A redação de um testamento vital e a nomeação de um procurador de cuidados de saúde pode ser visto como um grande benefício para aqueles pacientes acometidos de doenças degenerativas, uma vez que podem utilizar deste instrumento para planejar e traçar diretrizes para momentos de falta de lucidez e incapacidade, podendo, além de declarar os tratamentos que deseja ou não receber, designar a pessoa próxima ou de confiança que gostaria que tomasse as decisões clínicas em diálogo com a equipe médica, assim como prever situações de representação empresarial em caso de ser empresário e ter um negócio ativo.

André Dias Pereira e João Maia Rodrigues alertam:

A indicação de que a manifestação da vontade seja feita perante um notário, nesta matéria tão específica, pessoal e delicada, justifica-se, desde logo, porque a plena validade jurídica destes documentos depende da verificação idônea, segura e autêntica dos seguintes requisitos: a) que a pessoa é maior de idade; b) que é capaz para o pleno exercício dos seus direitos; c) que manifesta a sua vontade estando consciente, livre de qualquer pressão ou imposição de outrem; d) que está esclarecida relativamente aos efeitos práticos e jurídicos daquilo que pretende; e e) que o expressa de uma forma clara e inequívoca.[9]

Estabelecidas as diretrizes de vontade quanto aos termos do testamento vital, especialmente se lavrado por escritura pública e em termos válidos, não há que se falar em seu descumprimento seja pela família, pelo médico ou pelo hospital.

  1. Da Forma e da Validade do Ato.

Pelo fato de inexistir no ordenamento jurídico legislação específica sobre o tema testamento vital não há que se falar em uma forma pré-definida, entretanto, a fim de dar fé pública ao ato recomenda-se que o testamento vital seja lavrado por escritura pública no Tabelião de Notas.

Indica-se ainda que o instrumento público do testamento vital se encontre contido no prontuário médico, a fim de dar publicidade ao hospital e à equipe médica acerca dos desejos do instituidor. E para que seja válido, o testamento vital não pode conter cláusula contrária à lei e aos bons costumes.

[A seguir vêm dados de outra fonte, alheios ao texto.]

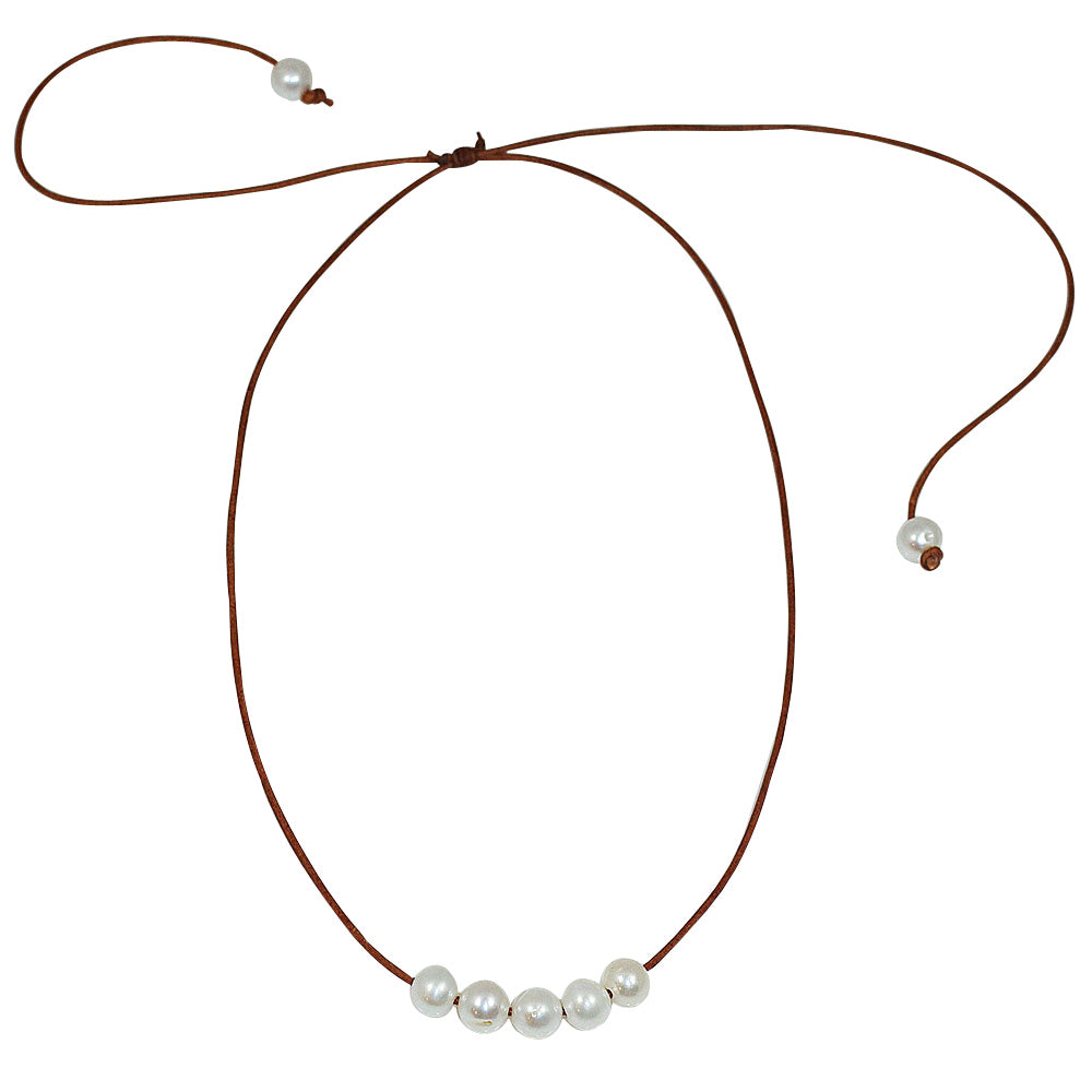 Features five 10 mm - 11mm freshwater pearls hand tied on naturally dyed leather
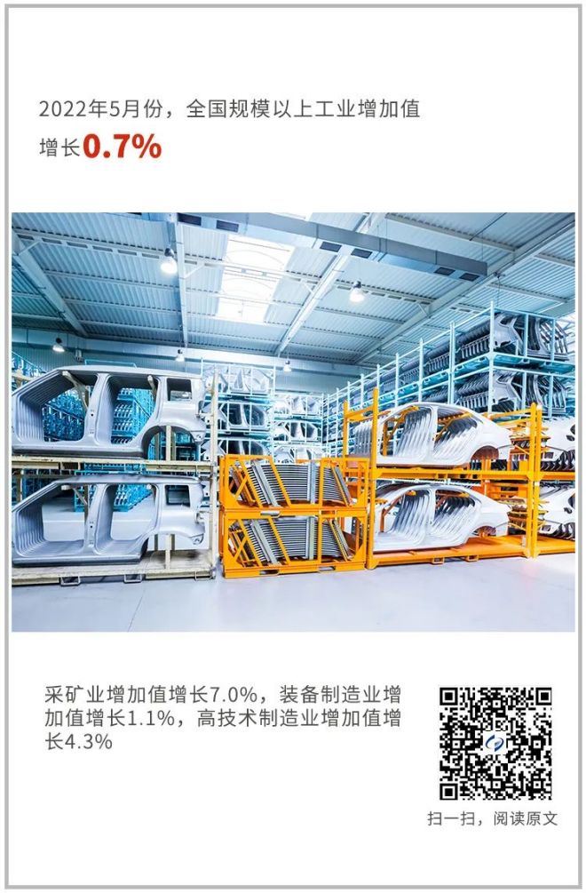 5月份,全國規模以上工業增加值同比增長0.7%,4月份為下降2.9%;環比增長5.61%。分三大門類看,采礦業增加值同比增長7.0%,製造業增長0.1%,電力、熱力、燃氣及水生產和供應業增長0.2%。
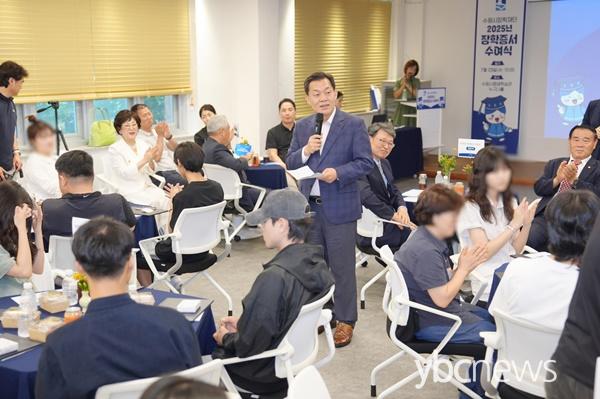 ÀÌÀçÁØ ¼ö¿ø½ÃÀåÀº ¡°ÇѸ¶À½À¸·Î µû¶æÇÑ ³ª´®À» ½ÇÃµÇØÁֽбâºÎÀÚ ¿©·¯ºÐ²² Áø½ÉÀ¸·Î °¨»çµå¸°´Ù¡±¸ç ¡°¿©·¯ºÐÀÇ Áö¿ª»çȸ¿¡ ´ëÇÑ »ç¶ûÀÌ ¿À´Ã ÀÌ ÀÚ¸®¸¦ ÅëÇØ Àß ÀüÇØÁ® ´õ¿í ¶æ±í´Ù¡±°í ¸»Çß´Ù.
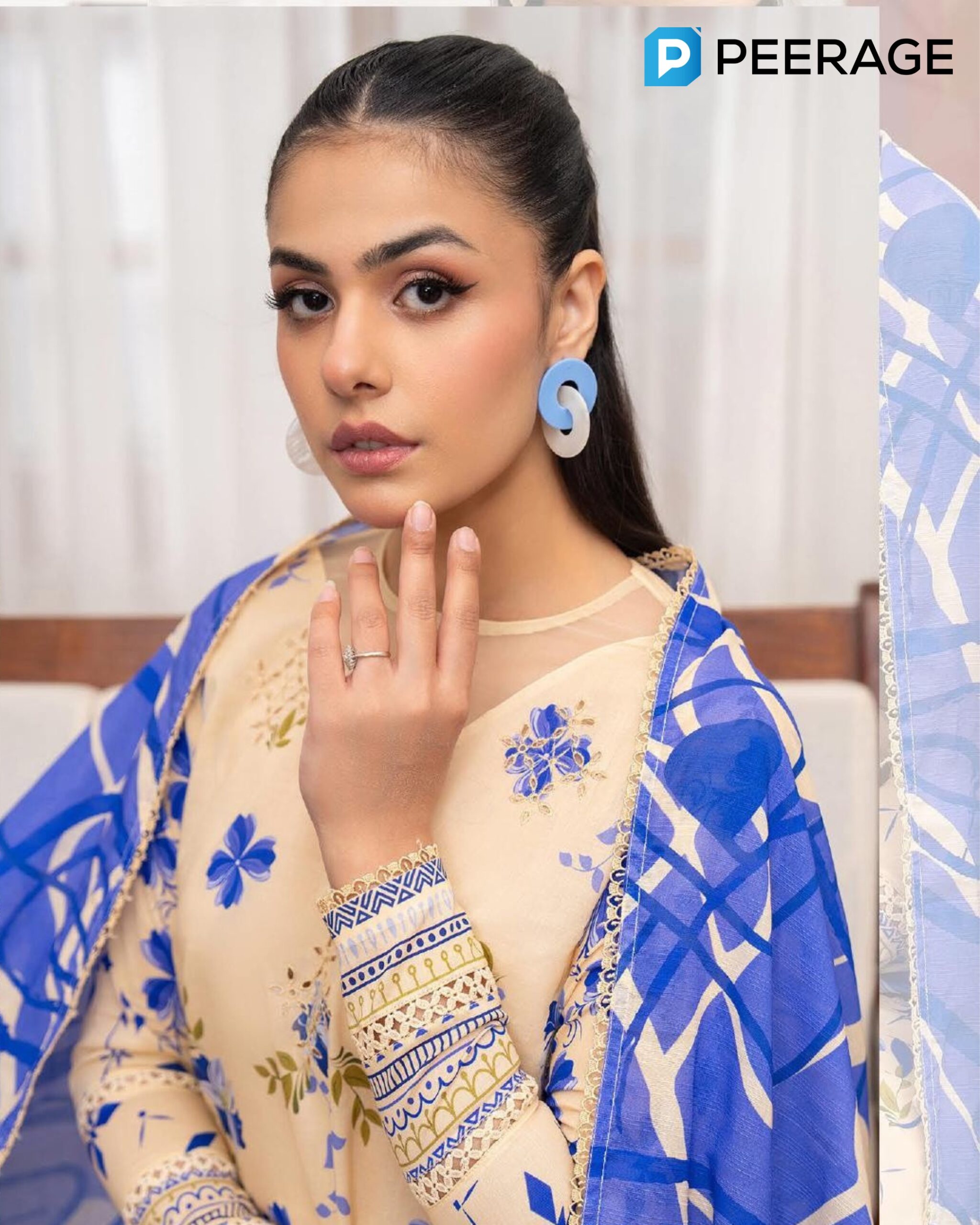 Grace meets sophistication in this beige kameez with delicate blue prints, paired beautifully with a striking blue stripe lawn dupatta. The ensemble features a digital printed embroidered front, sleeves, and back, finished with organza embroidered lace for added elegance. Complemented by a dyed cambric trouser, this outfit is the perfect balance of subtle charm and vibrant appeal.
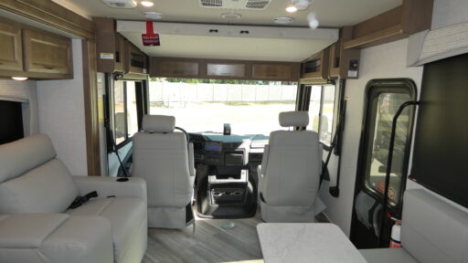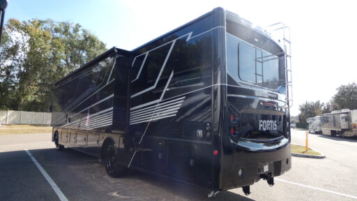 Step towards the rear, and you'll discover a serene bedroom featuring a Queen bed, complemented by additional convertible sleeping options and cozy bunks. The center bath, with its sleek plastic and glass shower, offers convenience and style. This RV is prepped for a washer and dryer, adding to its practical appeal. With a robust Ford F53 chassis, 335 horsepower, and an 8,000-pound towing capacity, the Fortis 36Y is as powerful as it is elegant. The 12 ft. powered retractable awning invites you to enjoy the outdoors, while the exterior kitchenette enhances your alfresco dining experience. For more details, visit your nearest General RV Dealership Location.

Assim como qualquer disposição de vontade da pessoa, o testamento vital poderá ser revogado a qualquer tempo, antes da incapacidade ou morte, nos termos acima. E, por fim, recomenda-se que a elaboração do testamento vital seja supervisionada por um profissional da área médica, especialmente um médico e um profissional da área jurídica, notadamente a figura do advogado, preferencialmente especializado na área a fim de evitar transtornos e possível nulidade do ato.

  1. Da importância do testamento vital.

Bem se sabe que em momentos difíceis de terminalidade da vida, situações clínicas irreversíveis e terminais, incapacidade temporária e ou definitiva, as pessoas envolvidas nestes processos estão, muitas vezes, emocionalmente esgotadas, cansadas e com receio da morte. Os conflitos de interesse, de filosofia e religiosos podem fazer com que essa fase de terminalidade ou momento de incapacidade sejam conflituosos e de brigas em família, inclusive até mesmo com o profissional da saúde como médicos e enfermeiros.

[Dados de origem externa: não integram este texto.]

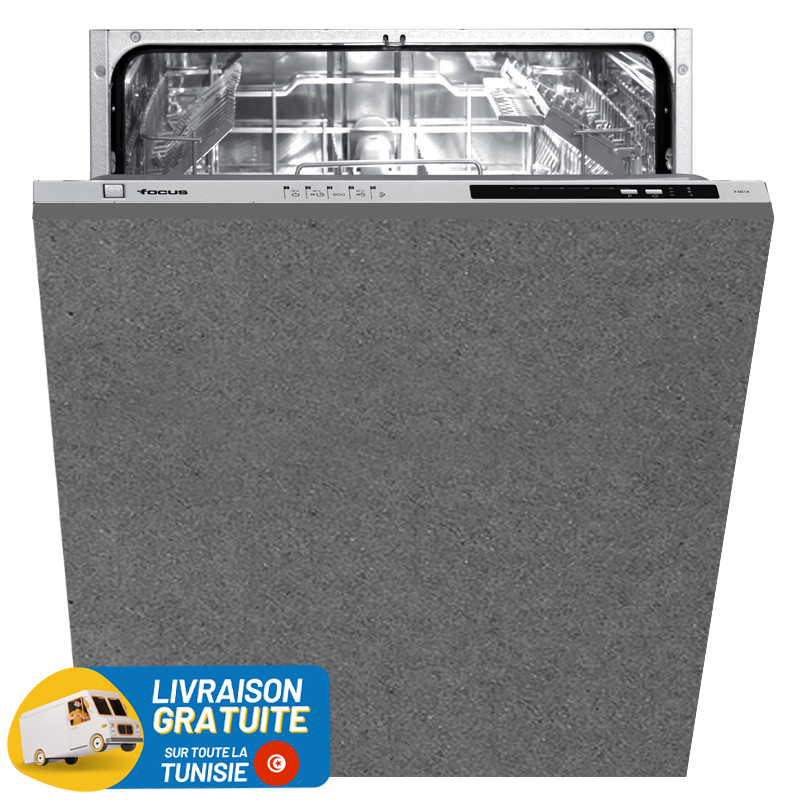 Lave-Vaisselle Focus F501X - Totalement encastrable - 12 couverts - 5 programmes + 4 températures - Classe énergétique A++ - Ecran LED - Demi-charge - Départ différé 3 – 6 – 9 h - Puissance acoustique : 57 dB(A) - Pieds réglages - Faible Consommation : 12 Litres - Indicateur son fin de programme - Dimension : 82 x 60 x 57 cm - Couleur Silver - Garantie 2 ans + Livraison Gratuite
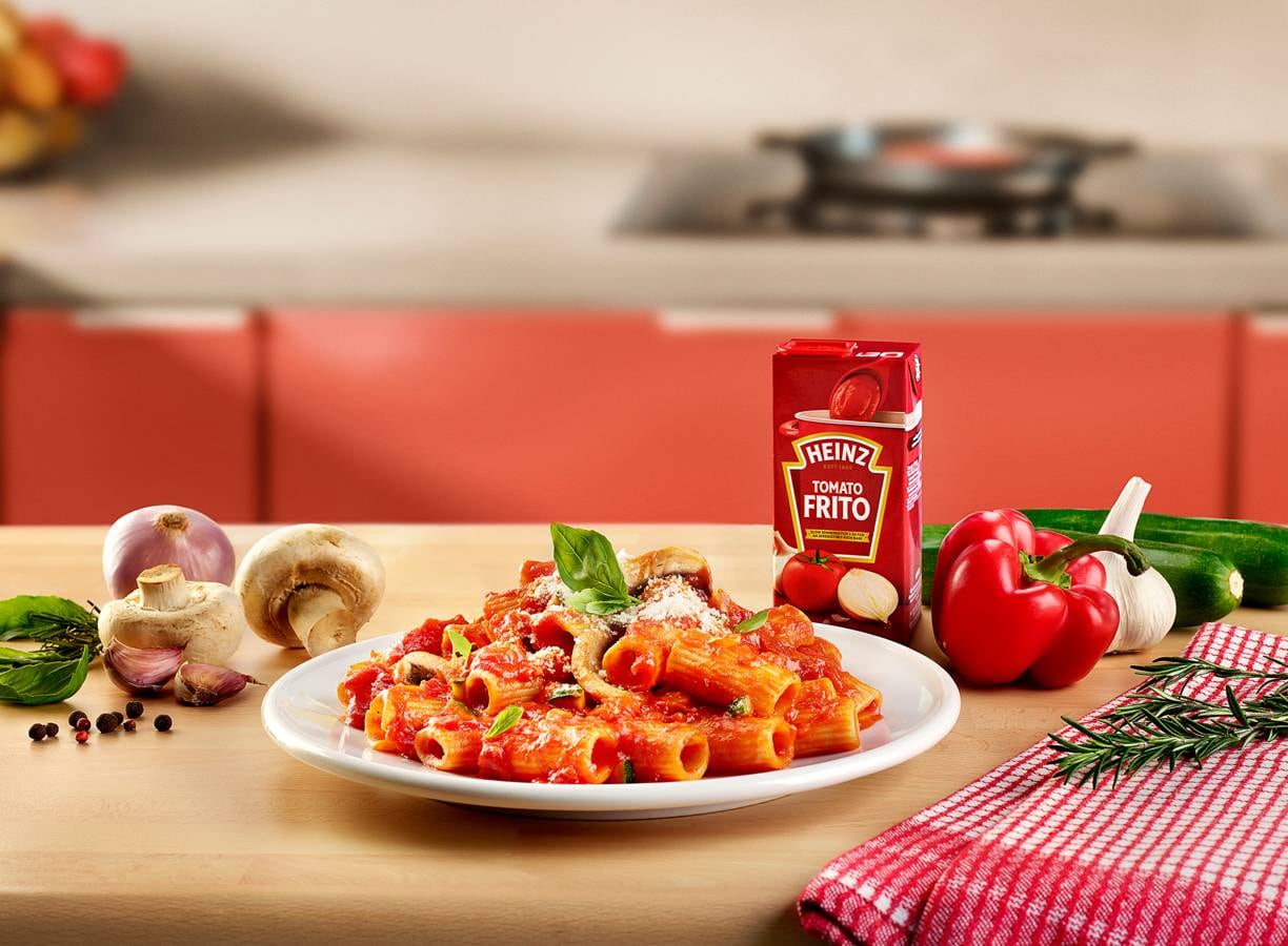 Koken met Heinz: Rigatoni pasta met Heinz Tomato Frito en heerlijke verse groenten.

Mais do que estar ou não disposto em lei, o instituto do testamento vital busca resguardar a vontade do instituidor face ao médico, ao hospital, aos parentes e amigos, resguardando, desta feita, que o anseio pessoal daquele que apostou seu desejo seja efetivamente cumprido.

Stancioli nos ensina que não há uma fonte moral única capaz de ser a matriz de valores que conduzam à vida boa, nesse sentido preconiza: “A opção por afirmar valores válidos para toda a sociedade foi substituída pela possibilidade dada aos interlocutores de construírem, pragmaticamente, os valores constitutivos da pessoa humana, em cada contexto.”[10]

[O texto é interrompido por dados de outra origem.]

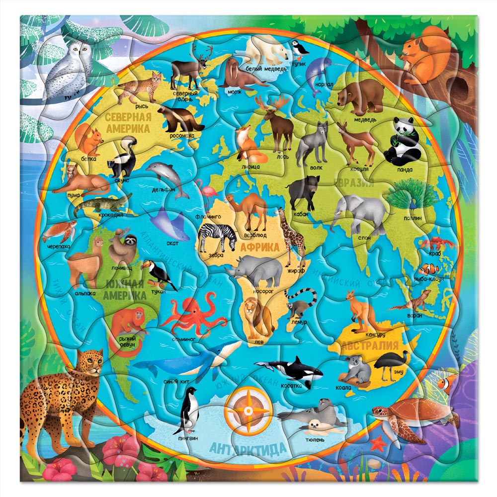 Какие животные обитают в Африке? А какие – в Австралии? Правильно сложите все фрагменты – и узнаете! На красочной карте мира – разные континенты и их обитатели. Находите животных среди элементов пазла – собирайте, играйте и рассматривайте! Пазл тренирует мелкую моторику, внимание, память и способствует развитию образного мышления. А благодаря рамке и фрагментам из плотного картона пазл удобно хранить и брать с собой. Рекомендованный возраст: 6+.
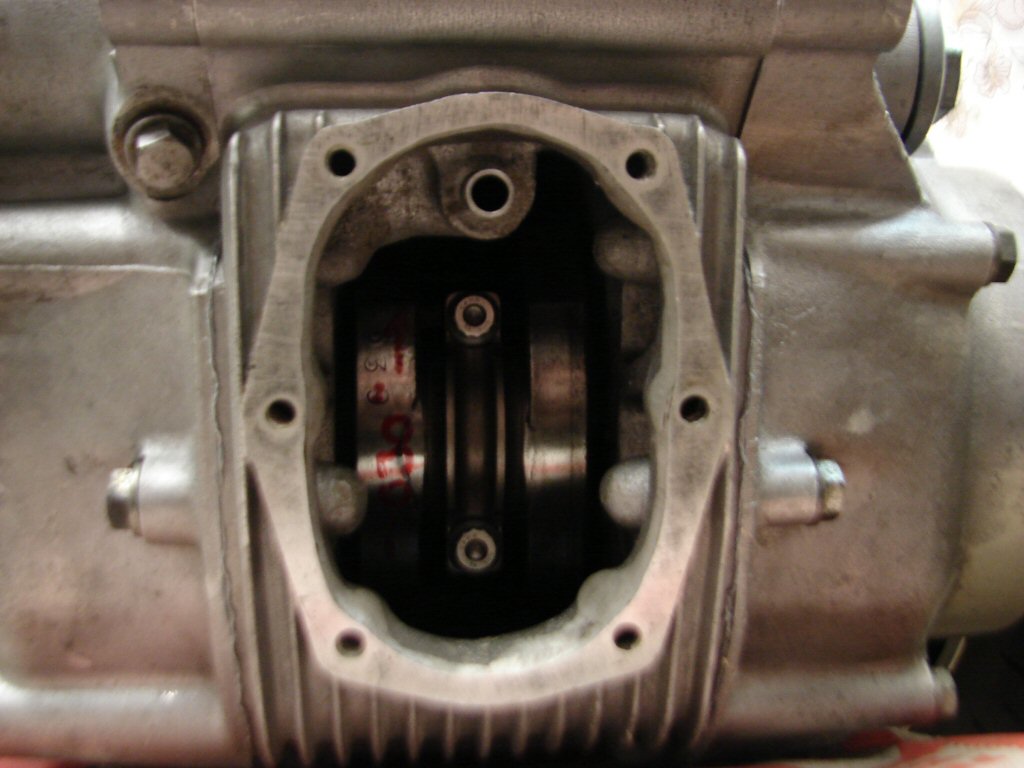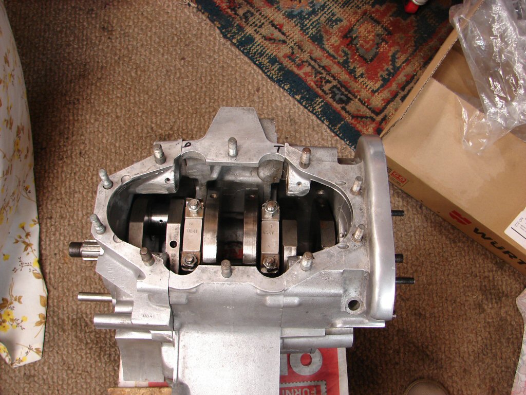 The centre conrod is just dangling between the crank webs for now, but once the cases are together and the barrels are fastened down, the centre rod gets torqued up via the hole where the sump plate fits.
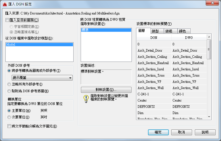 標準為預設對映設置,其從正匯出的圖面中萃取資料並將自動對映套用至 DGN 圖層、線型、線粗和顏色,如對映預覽所示。
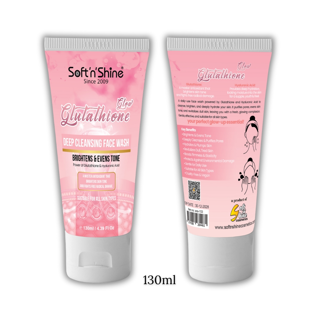 Uncover your natural glow with Soft n Shine Glutathione Glow Face Wash – your daily skincare essential for a radiant, refreshed complexion.

Pode-se constatar uma mudança de paradigma, de atitude e de postura dos profissionais da saúde no tocante a prática do testamento vital, já que aquele paternalismo antigo presente nas relações médico–paciente de outrora dão lugar à autonomia e consciência do paciente que manifesta sua vontade quanto à aceitação ou não de determinado tratamento, remédio ou terapêutica, enfim, tudo que envolva a qualidade de vida do instituidor, dentre outras possibilidades.

Assim é o entendimento de Leo Pessini:

Felizmente, já passou a época em que as decisões eram tomadas apenas pelos médicos. Hoje, entende-se que tanto os pacientes quanto suas famílias devem também participar do encaminhamento das soluções médicas, em prol de posições mais humanas e dignas tanto para a vida quanto para a morte.[11]

Trata-se de colocar em prática o princípio do auto-governo, de a pessoa pensar e externalizar diretrizes de condução de sua vida em caso de um dia não poder fazê-lo de forma consciente, ou seja, a pessoa é protagonista de sua história até mesmo quando não está consciente e capaz juridicamente. Este autogoverno nada mais é do que a autonomia, que nos dizeres de Renata de Lima Rodrigues e André Ruger representa o poder de estabelecer por si, e não por imposição externa, as regras da própria conduta.[12]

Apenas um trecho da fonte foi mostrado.